* [EXERCISE REQUIREMENTS]:
Would you restate the listing word for word, with the images omitted?

== STORED DATA

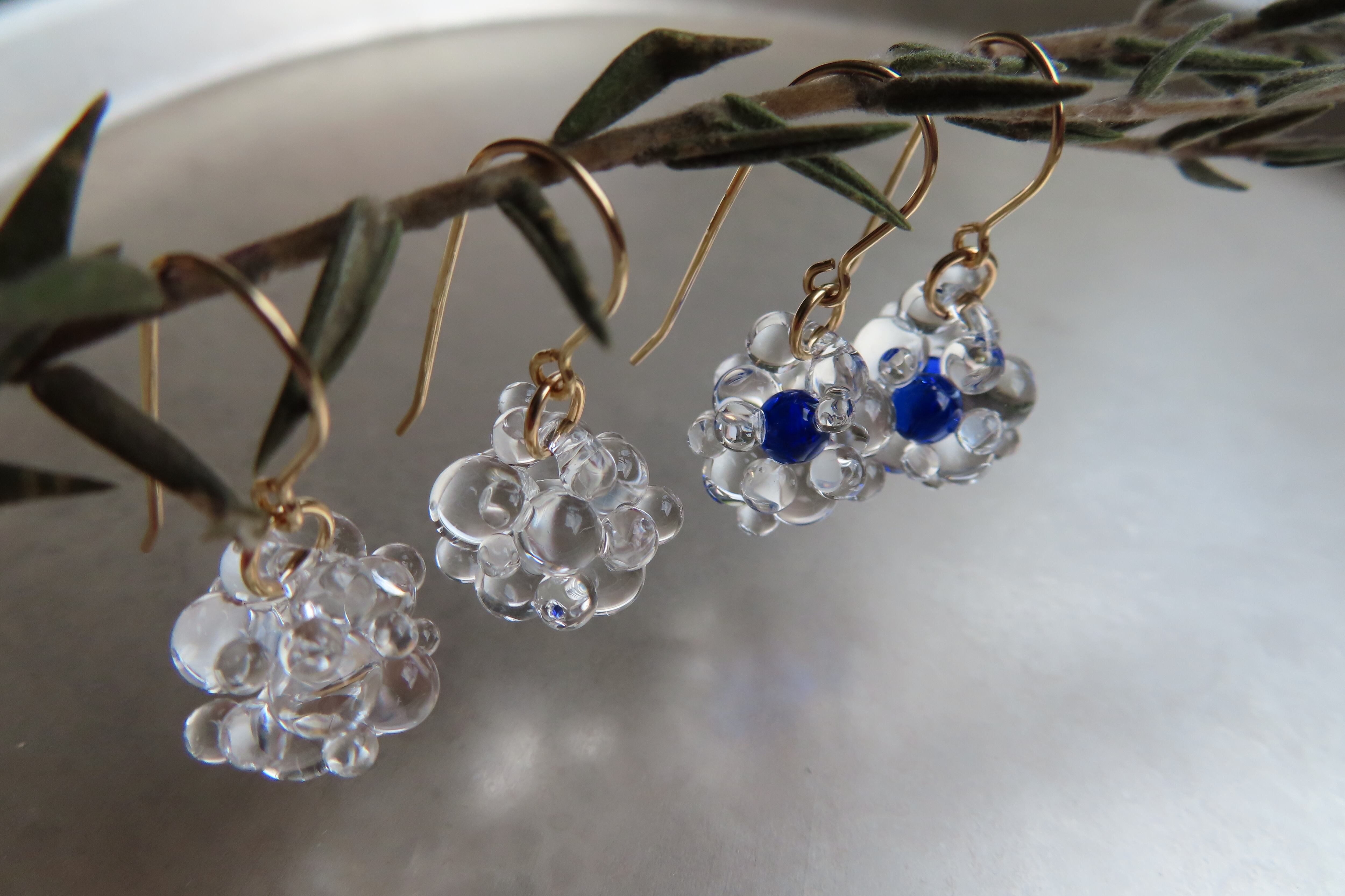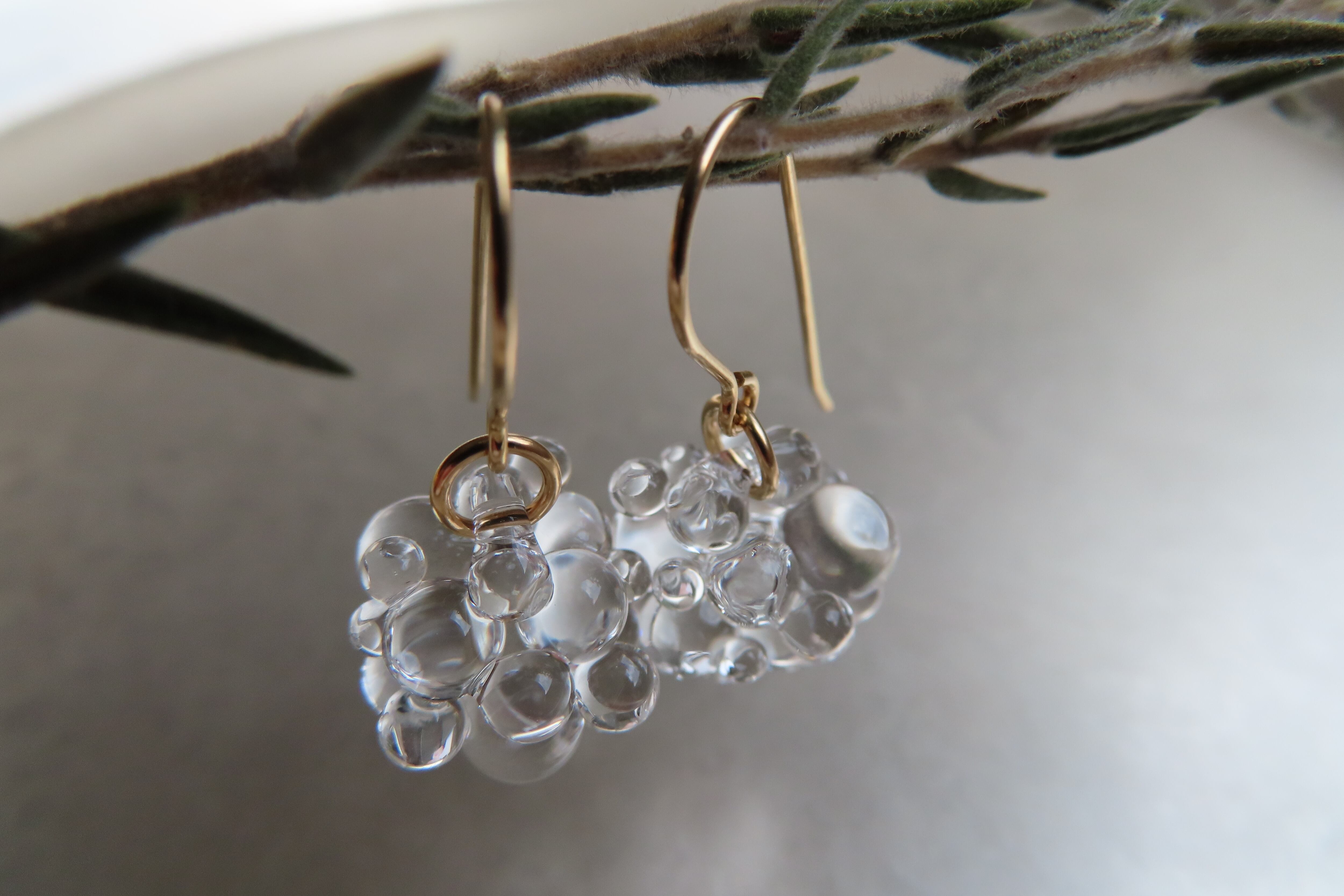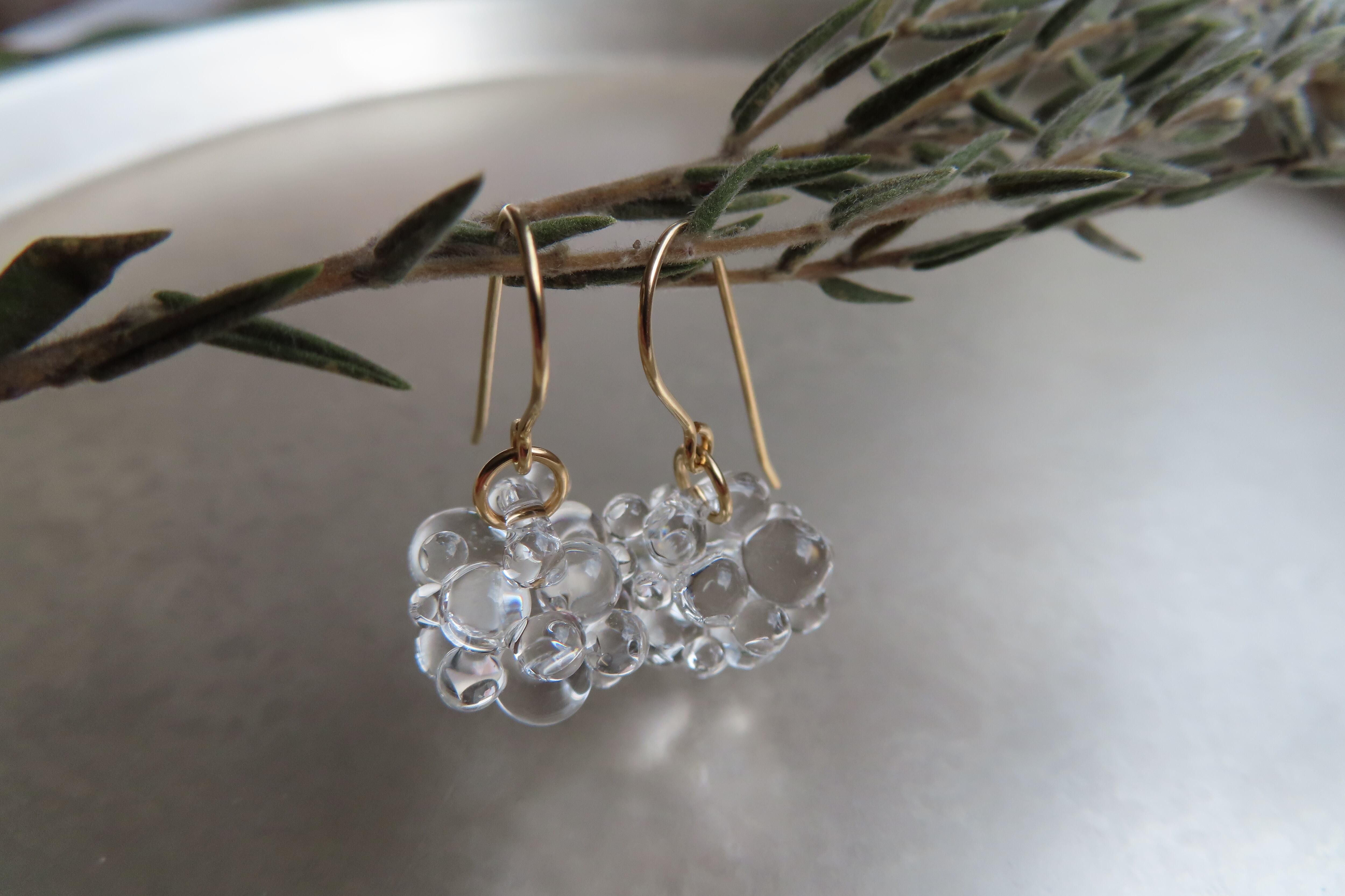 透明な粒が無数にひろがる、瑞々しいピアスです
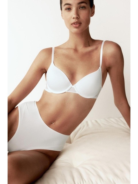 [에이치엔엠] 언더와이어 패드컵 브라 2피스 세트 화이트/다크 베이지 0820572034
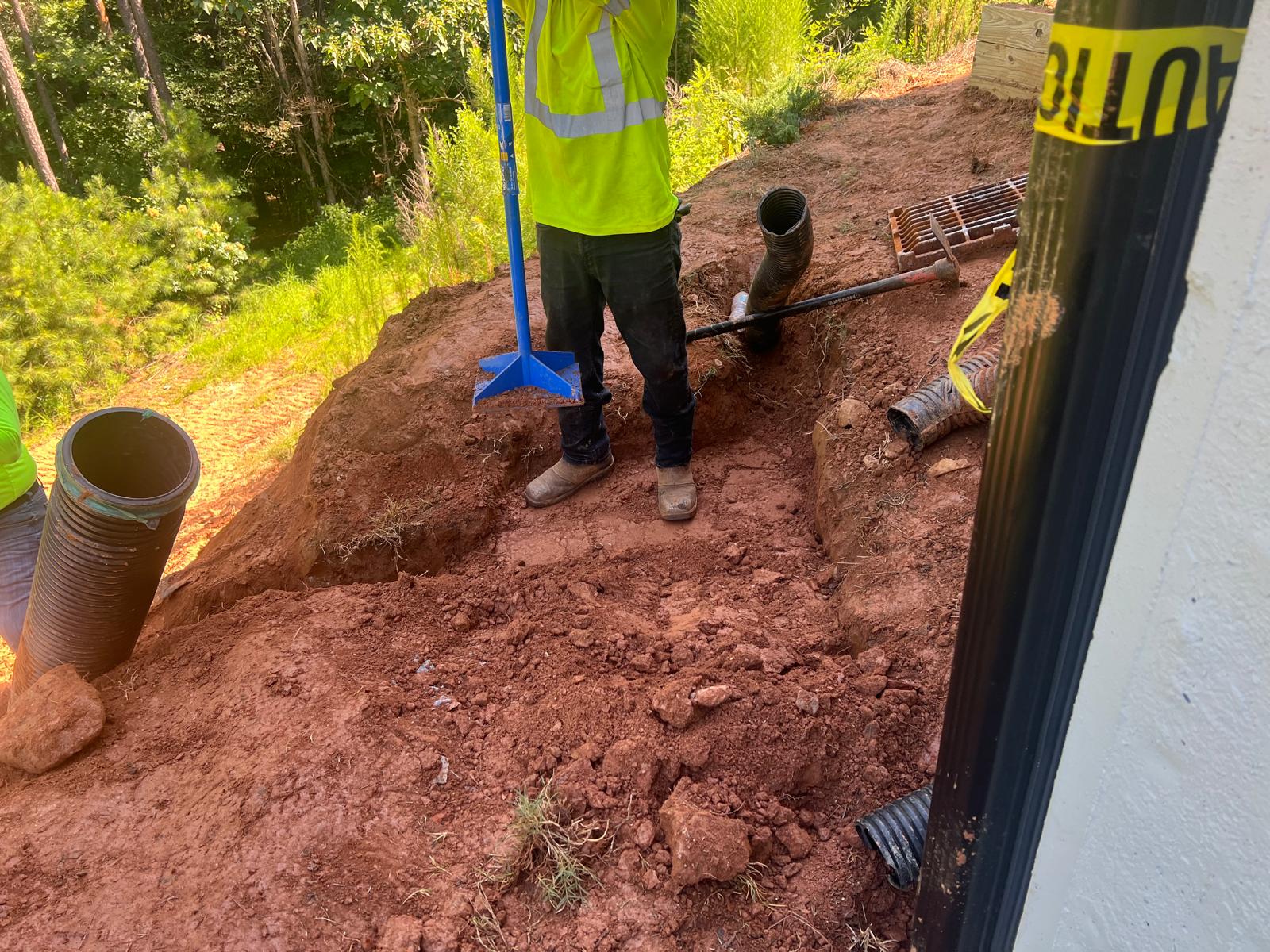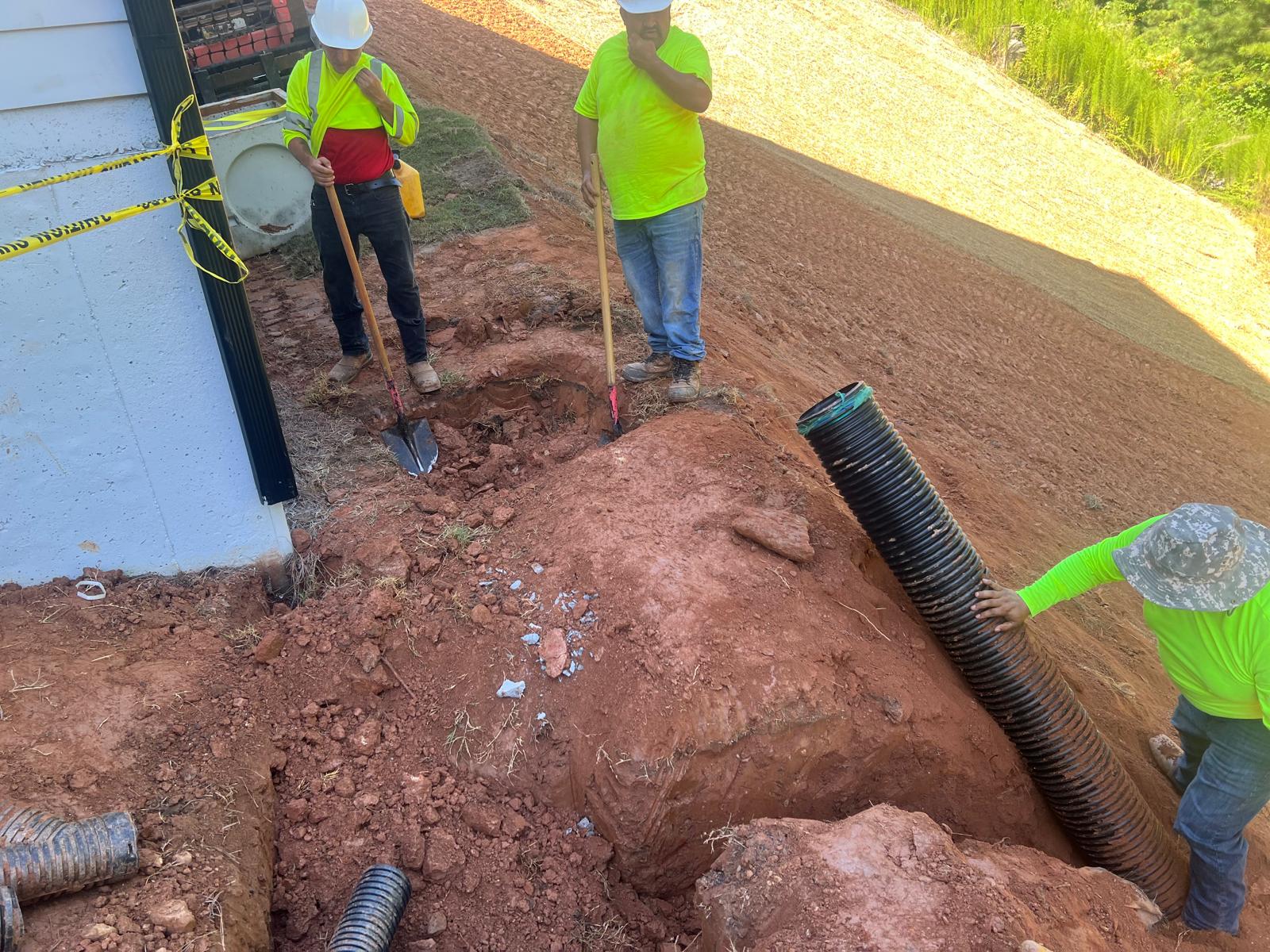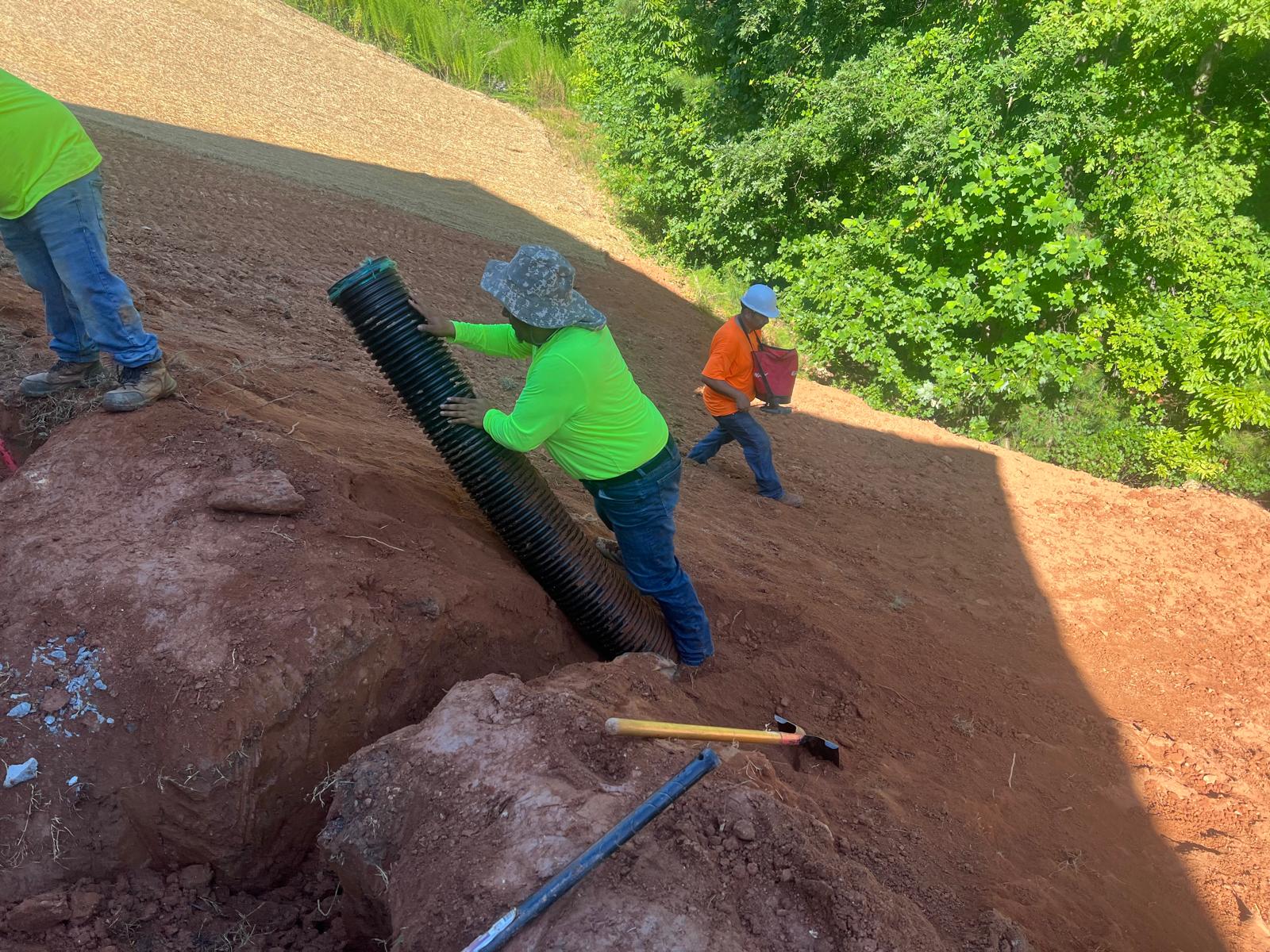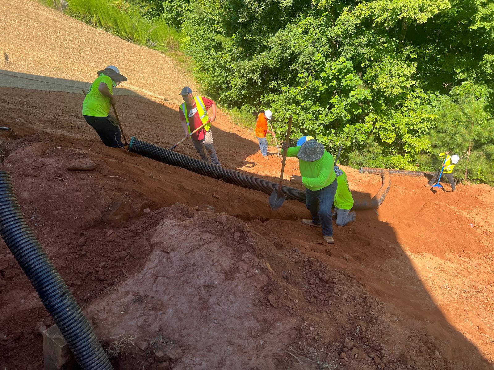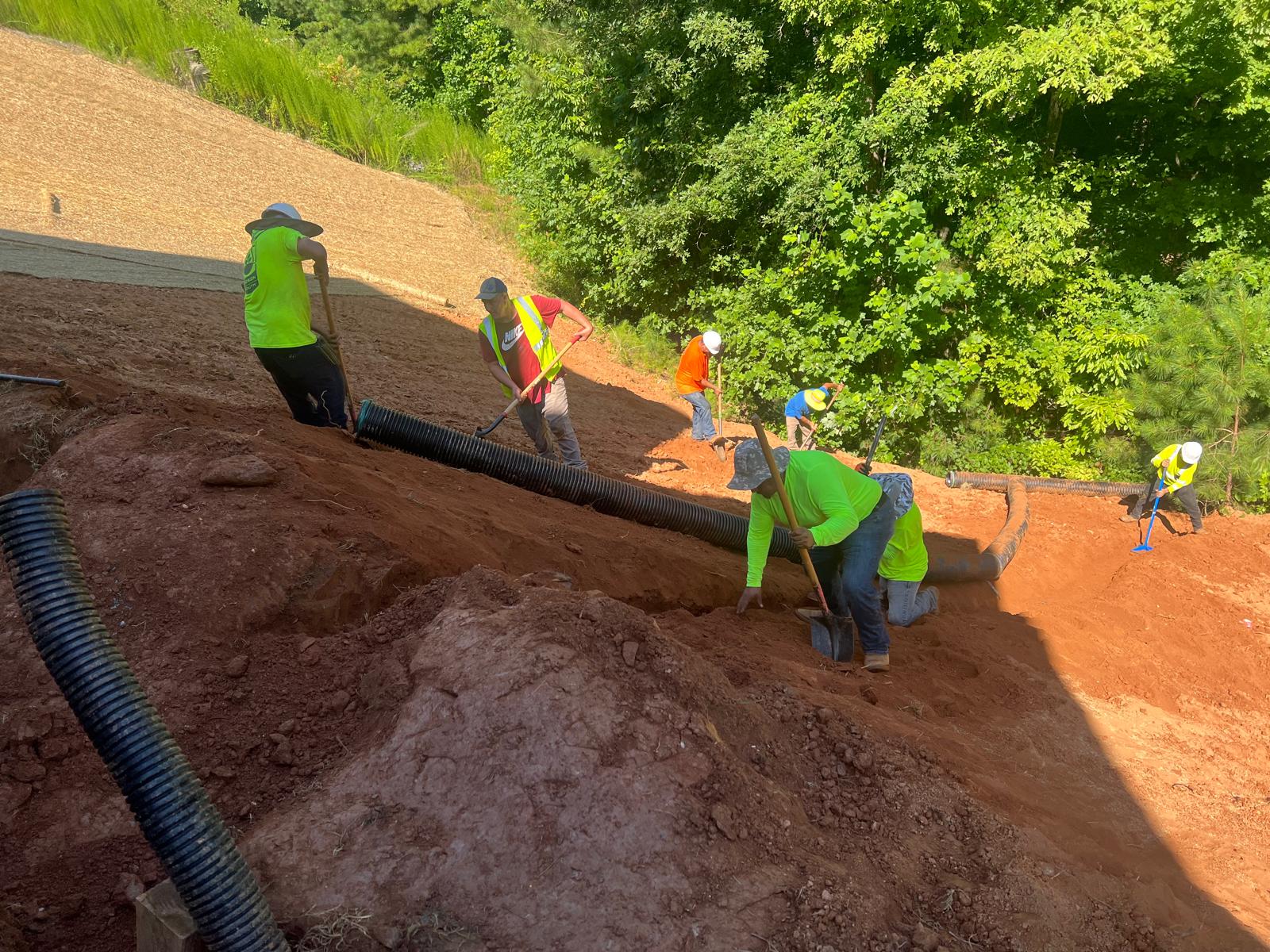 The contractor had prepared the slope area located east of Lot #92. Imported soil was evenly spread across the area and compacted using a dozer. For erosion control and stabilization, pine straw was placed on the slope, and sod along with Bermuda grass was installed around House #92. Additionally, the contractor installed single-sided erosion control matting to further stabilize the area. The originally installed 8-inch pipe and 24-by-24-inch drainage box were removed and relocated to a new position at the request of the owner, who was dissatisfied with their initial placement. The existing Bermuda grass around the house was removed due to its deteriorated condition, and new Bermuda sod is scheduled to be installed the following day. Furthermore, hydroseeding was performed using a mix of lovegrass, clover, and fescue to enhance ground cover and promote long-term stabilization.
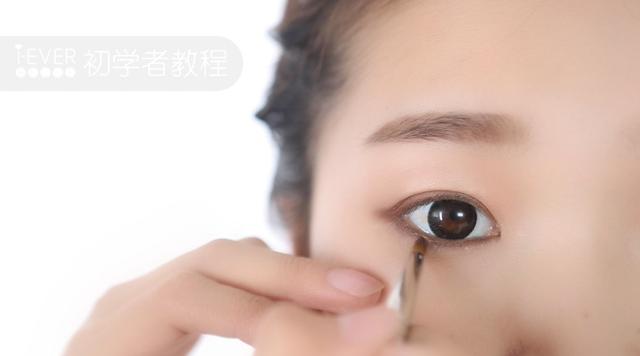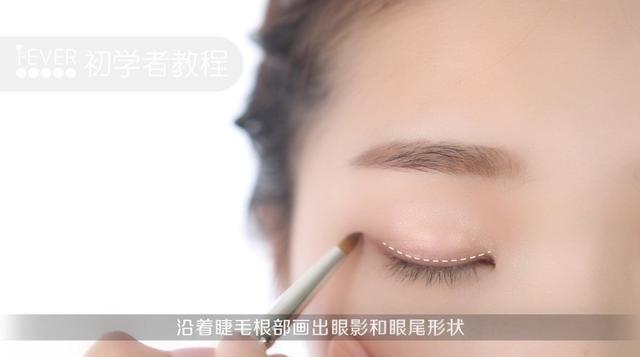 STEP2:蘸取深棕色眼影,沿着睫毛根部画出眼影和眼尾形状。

====

* [WRITTEN SOLUTION]:
 透明な粒が無数にひろがる、瑞々しいピアスです
 [에이치엔엠] 언더와이어 패드컵 브라 2피스 세트 화이트/다크 베이지 0820572034
 The contractor had prepared the slope area located east of Lot #92. Imported soil was evenly spread across the area and compacted using a dozer. For erosion control and stabilization, pine straw was placed on the slope, and sod along with Bermuda grass was installed around House #92. Additionally, the contractor installed single-sided erosion control matting to further stabilize the area. The originally installed 8-inch pipe and 24-by-24-inch drainage box were removed and relocated to a new position at the request of the owner, who was dissatisfied with their initial placement. The existing Bermuda grass around the house was removed due to its deteriorated condition, and new Bermuda sod is scheduled to be installed the following day. Furthermore, hydroseeding was performed using a mix of lovegrass, clover, and fescue to enhance ground cover and promote long-term stabilization.
 STEP2:蘸取深棕色眼影,沿着睫毛根部画出眼影和眼尾形状。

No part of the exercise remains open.